Semantics-based distributed I/O for mpiBLAST

BLAST is a widely used software toolkit for genomic sequence search. mpiBLAST is a freely available, open-source parallelization of BLAST that uses database segmentation to allow different worker processes to search (in parallel) unique segments of the database. After searching, the workers write their output to a filesystem. While mpiBLAST has been shown to achieve high performance in clusters with fast local filesystems, its I/O processing remains a concern for scalability, especially in systems having limited I/O capabilities such as distributed filesystems spread across a wide-area network. Thus, we present ParaMEDIC---a novel environment that uses application-specific semantic information to compress I/O data and improve performance in distributed environments. Specifically, for mpiBLAST, ParaMEDIC partitions worker processes into compute and I/O workers. Compute workers, instead of directly writing the output to the filesystem, the workers process the output using semantic knowledge about the application to generate metadata and write the metadata to the filesystem.
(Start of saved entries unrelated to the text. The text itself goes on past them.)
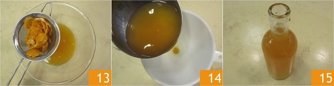 Neste ponto, coe a mistura para eliminar as cascas 13 e transfira para garrafas 14. Seu licor de tangerina está pronto para ser apreciado bem gelado 15!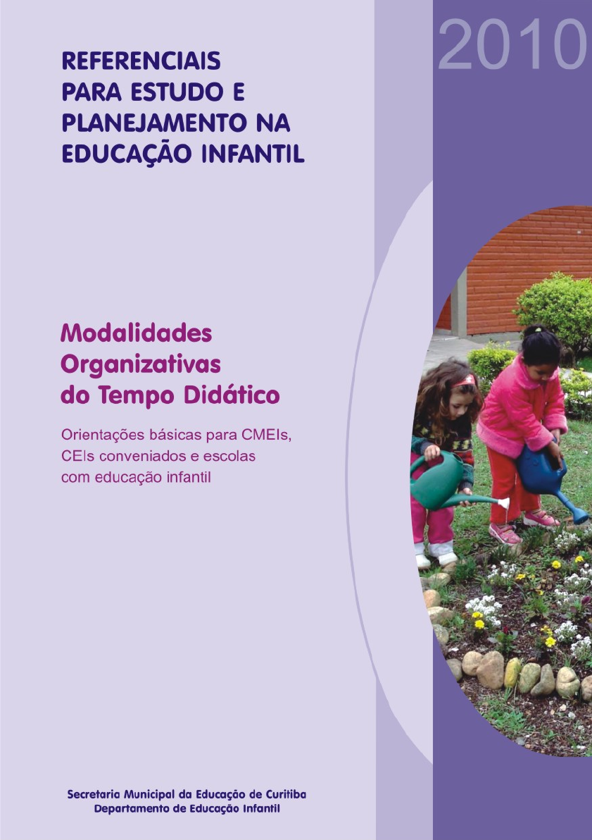 PREFEITURA MUNICIPAL DE CURITIBA Luciano Ducci SECRETARIA MUNICIPAL DA EDUCAÇÃO Eleonora Bonato Fruet SUPERINTENDÊNCIA EXECUTIVA Jorge Eduardo Wekerlin DEPARTAMENTO DE LOGÍSTICA Cilos Roberto Vargas DEPARTAMENTO DE PLANEJAMENTO E INFORMAÇÕES Reginaldo Luiz dos Santos Cordeiro SUPERINTENDÊNCIA DE GESTÃO EDUCACIONAL Meroujy Giacomassi Cavet DEPARTAMENTO DE EDUCAÇÃO INFANTIL Ida Regina Moro Milléo de Mendonça DEPARTAMENTO DE ENSINO FUNDAMENTAL Nara Luz Chierighini Salamunes DEPARTAMENTO DE TECNOLOGIA E DIFUSÃO EDUCACIONAL Raquel Rodrigues de Lima Simas COORDENADORIA TÉCNICA – ESTRUTURA E FUNCIONAMENTO DE ENSINO Eliane de Souza Cubas Zaions COORDENADORIA DE ATENDIMENTO ÀS NECESSIDADES ESPECIAIS Iaskara Maria Abrão COORDENADORIA DO PROGRAMA COMUNIDADE ESCOLA Liliane Casagrande Sabbag A P R E S E N T A Ç Ã O Prezados Profissionais, A educação infantil na Rede Municipal de Ensino tem como finalidade o desenvolvimento integral das crianças na faixa etária de zero a cinco anos, numa ação compartilhada com as famílias, com o compromisso de envolver a comunidade educativa em discussões e decisões sobre a qualidade das ações de educar e cuidar nessa etapa educacional. Um grande desafio é o desenvolvimento de ações educativas voltadas à construção e à ampliação do conhecimento e das experiências culturais das crianças. A possibilidade de estudo e reflexão sobre a prática, o planejamento, o registro e a avaliação do processo educativo na dinâmica de formação continuada em serviço dos profissionais faz a diferença nos resultados das aprendizagens e do desenvolvimento das crianças. Nesse sentido, este material, como um dos Referenciais para Estudo e Planejamento na Educação Infantil, tem por objetivo subsidiar de forma permanente as reflexões e a elaboração do planejamento pedagógico dos profissionais de CMEIs, CEIs conveniados e escolas com turmas de educação infantil da Rede Municipal de Ensino. Desse modo, espera-se que a execução do planejamento pedagógico proporcione às crianças a vivência de experiências ricas e diversificadas e, sobretudo, a construção significativa de novas aprendizagens, potencializando suas condições de interação e comunicação com as pessoas e o mundo em que vivem. Um bom trabalho a todos. Eleonora Bonato Fruet Secretária da Educação INTRODUÇÃO.................................................................................07 MAS O QUE É MODALIDADE ORGANIZATIVA DO TEMPO DIDÁTICO E QUAIS SÃO ELAS? ...........................................08 ATIVIDADES PERMANENTES....................................................09 SUGESTÕES DE PLANEJAMENTO DE ATIVIDADES PER- MANENTES.........................................................................11 SEQUÊNCIA DIDÁTICA ...............................................................13 SUGESTÕES DE PLANEJAMENTO DE SEQUÊNCIAS DI- DÁTICAS.............................................................................13 PROJETO DIDÁTICO...................................................................17 SUGESTÕES DE PLANEJAMENTO DE PROJETOS DIDÁ- TICOS.................................................................................18 ATIVIDADES OCASIONAIS.........................................................20 REFERÊNCIAS...............................................................................21 FICHA TÉCNICA.............................................................................23 S U M Á R IO 07 INTRODUÇÃO Este texto tem a intenção de contribuir com as discussões, reflexões e orientações acerca da organização do trabalho pedagógico nas turmas de educação infantil de CMEIs, escolas com educação infantil e CEIs conveniados da Rede Municipal de Ensino de Curitiba, através da abordagem das modalidades organizativas do tempo didático. A utilização e a articulação das diferentes modalidades organizativas do tempo didático no planejamento do trabalho educativo elaborado pelo educador/professor dão um caráter de comprometimento e intencionalidade a esse trabalho e devem estar contempladas no dia a dia das unidades, com o intuito de buscar a melhor estratégia para alcançar determinado objetivo de aprendizagem. Essas reflexões consideram que as ações de educação e cuidado precisam estar integradas de modo que a aprendizagem e o desenvolvimento das crianças sejam potencializados com propostas desafiadoras e interessantes, adequadas a diferentes tempos, relacionados a diferentes aprendizagens. Portanto, a dimensão do tempo no cotidiano infantil se estrutura com as situações planejadas de rotina, que envolvem as ações educativas de cuidado e demais ações educativas que visam desenvolver aprendizagens específicas, considerando as diferentes áreas de formação humana. 08 MAS O QUE É MODALIDADE ORGANIZATIVA DO TEMPO DIDÁTICO E QUAIS SÃO ELAS? Modalidade organizativa do tempo didático é a denominação atribuída às diferentes formas de planejar, encaminhar e organizar o trabalho pedagógico, considerando os objetivos de aprendizagens selecionados para um determinado período de tempo, em cada uma das áreas de formação humana. Dessa forma, viabiliza a distribuição do tempo e a continuidade de cada proposta de trabalho, abrangendo várias experiências de aprendizagens. Na elaboração do planejamento, é importante a definição do momento do dia em que cada modalidade organizativa do tempo didático será desenvol- vida e a forma como será apresentada às crianças. Nas turmas de educação infantil da Rede Municipal de Ensino de Curitiba, estas modalidades organizativas consistem em: atividades permanentes, sequências didáticas, projetos didáticos e atividades ocasionais. Embora cada uma delas tenha um propósito e especificidade de encaminhamento, elas não se excluem, ou seja, uma atividade permanente pode ser uma etapa da sequência didática, ou uma das etapas de um projeto pode ser con
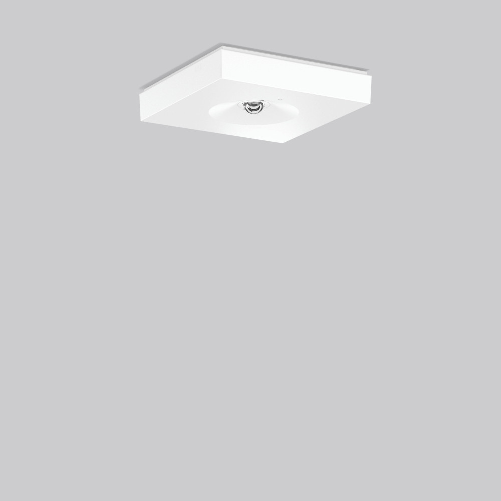 Flache quadratische Anbauleuchte. Zur Rettungswegbeleuchtung. Gehäuse Kunststoff (Polycarbonat). Abdeckung Kunststoff (Polycarbonat). Kunststofflinsen zur Flächen, und Rettungswegbeleuchtung im Lieferumfang enthalten. Linsen sind werkzeuglos austauschbar. Zum Anschluss an zentrale Sicherheitsstromversorgung geeignet.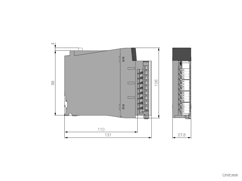 DC輸入,16點 DC24V 7mA, 應答時間:0.1/0.2/0.4/0.6/1/5/10/20/70ms, 16點/COM, +COM/-COM共用型,彈簧夾接線端子台 |
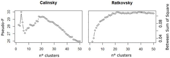 (left) Calinski Pseudo-F results plotted for each n-clustered possible partition and (right) the Ratkowsky index for each n-clustered possible partition.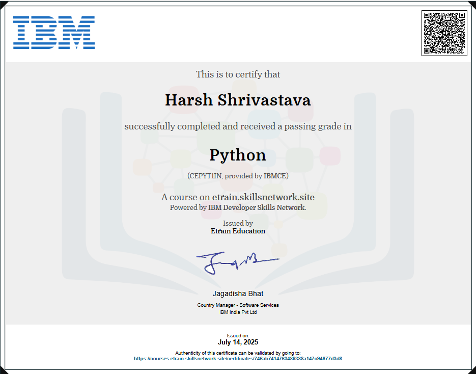 Successfully completed the IBM Python certification, covering core programming concepts, scripting, and backend logic. This certification reflects my strong foundation in Python and its practical use in projects like API development and automation.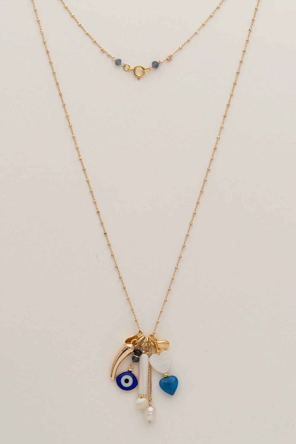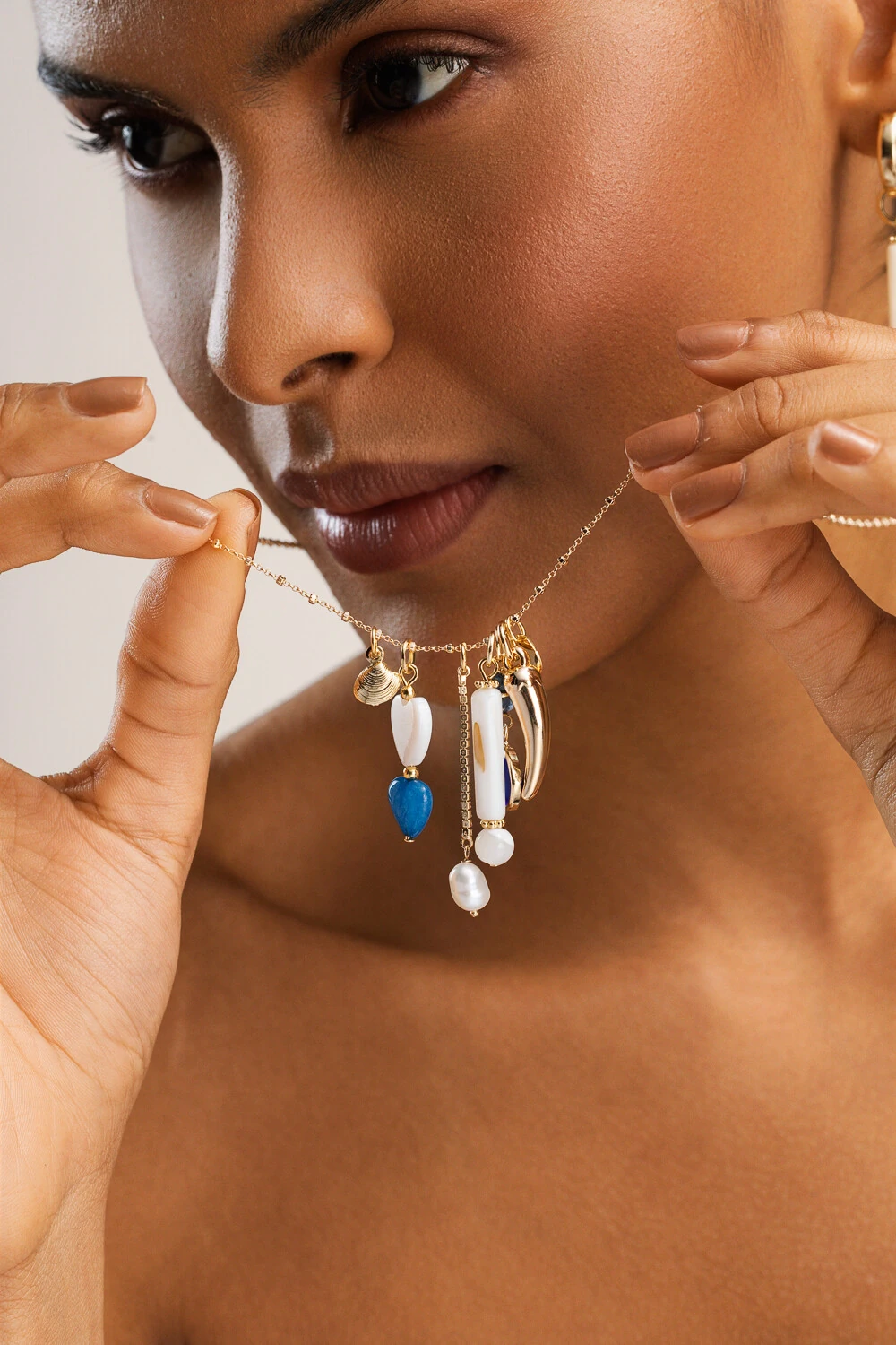 Colar longo, corrente com micro bolinhas e um mix de pingentes compostos por madre pérola, fio de zircônia, pérolas naturais, dente metal liso e olho grego. Perfeito para usar sozinho como peça de destaque ou em composições modernas com outros colares, trazendo personalidade e charme para qualquer produção.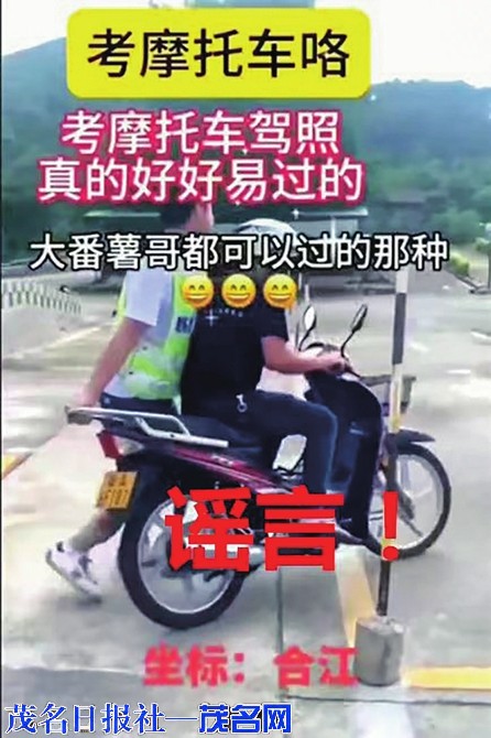 7月21日中午,在某音平台流传出一段短视频,视频里一个穿着绿色反光衣的男子,其用手拖着另一个男子驾驶摩托车过考试杆,并配有字幕“考摩托车咯”“考摩托车驾照真的好好易过的”“大番薯哥都可以过的那种”,上面还标有醒目的红色字体“坐标:合江”,视频引起了恶劣的社会影响。

I/O workers, which physically reside closer to the actual storage, then process this metadata to re-create the actual output and write it to the filesystem. This approach allows ParaMEDIC to reduce I/O time, thus accelerating mpiBLAST by as much as 25-fold.

A Pluggable Framework for Parallel Pairwise Sequence Search

The current and near future of the computing industry is one of multi-core and multi-processor technology. Most existing sequence-search tools have been designed with a focus on single-core, single-processor systems. This discrepancy between software design and hardware architecture substantially hinders sequence-search performance by not allowing full utilization of the hardware. This paper presents a novel framework that will aid the conversion of serial sequence-search tools into a parallel version that can take full advantage of the available hardware. The framework, which is based on a software architecture called mixin layers with refined roles, enables modules to be plugged into the framework with minimal effort. The inherent modular design improves maintenance and extensibility, thus opening up a plethora of opportunities for advanced algorithmic features to be developed and incorporated while routine maintenance of the codebase persists.

Parallel Mining of Neuronal Spike Streams on Graphics Processing Units

Multi-electrode arrays (MEAs) provide dynamic and spatial perspectives into brain function by capturing the temporal behavior of spikes recorded from cultures and living tissue. Understanding the firing patterns of neurons implicit in these spike trains is crucial to gaining insight into cellular activity. We present a solution involving a massively parallel graphics processing unit (GPU) to mine spike train datasets. We focus on mining frequent episodes of firing patterns that capture coordinated events even in the presence of intervening background events. We present two algorithmic strategies—hybrid mining and two-pass elimination—to map the finite state machine-based counting algorithms onto GPUs. These strategies explore different computation-to-core mapping schemes and illustrate innovative parallel algorithm design patterns for temporal data mining. We also provide a multi-GPU mining framework, which exhibits additional performance enhancement. Together, these contributions move us towards a real-time solution to neuronal data mining.